Pop culture obsessives writing for the pop culture obsessed.

Dai Sijie: Mr. Muo's Travelling Couch

It's no great wonder that Dai Sijie's novels wheel around the clashing and blending of cultures—a Chinese writer-director based in Paris, Sijie writes in French about the impact of European writing on Chinese provincials. His life, like his work, is a rich cultural torte, and the translation of his books into English just adds another layer. But while Sijie's new novel, Mr. Muo's Travelling Couch, follows some of the same themes as his bestselling debut, 2001's Balzac And The Little Chinese Seamstress, it loses much of the simple, fable-like quality that made Seamstress so potent. Sijie's debut was about ideas and emotions that cross national and even chronological boundaries; the follow-up demotes that concept to just another element in a disorganized jumble.


Seamstress follows a pair of young Chinese men whose lives, placed on hold by the Cultural Revolution, are rekindled by a cache of forbidden Western novels; Mr. Muo's Travelling Couch varies the formula by moving the action closer to the present-day, and centering the protagonist's obsessions around academia rather than literature. The titular Muo, a shy, fumbling 40-year-old returning home to China after more than a decade studying psychoanalysis in Paris, is more devoted to spreading Freud's teachings than to furthering his own experience—he readily dissects the sexual content of strangers' dreams, but he's a virgin himself, and even the prospect of sex seems to unnerve him. So long as he's psychoanalyzing (or fantasizing about) women, he's on solid ground, but once an interaction turns personal, he panics and loses his way, even questioning Freud's efficacy in the face of Chinese attitudes toward sex, gender, and the yin/yang rift.

Mr. Muo eventually develops a plot, as Muo attempts to procure a virgin for a corrupt local judge, in payment for the release of a political dissident whom Muo adores from afar. But like so much about the novel, that plotline never finds resolution or focus.

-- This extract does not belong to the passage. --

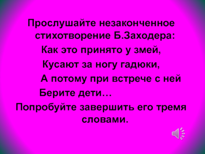 Слайд 70Прослушайте незаконченное стихотворение Б.Заходера:

Sijie illustrates his dry, loosely connected comic riffs in expansive, flowery prose; at least in the English translation, it can be hard to burrow between sentences and find meaning and motive. Muo himself is a mystery—his idol Freud would doubtless trace his dysfunctions to childhood, but Sijie never explains why Muo is an ineffectual mess, and barely touches on his history or even his present feelings, beyond hapless confusion. Which leaves the book dense, busy, and unsatisfying. Sijie certainly predicates some humor on the idea that China's first Freudian is more in need of analysis than anyone he runs across, but like the rest of the book, it's a joke with no form, and no punchline.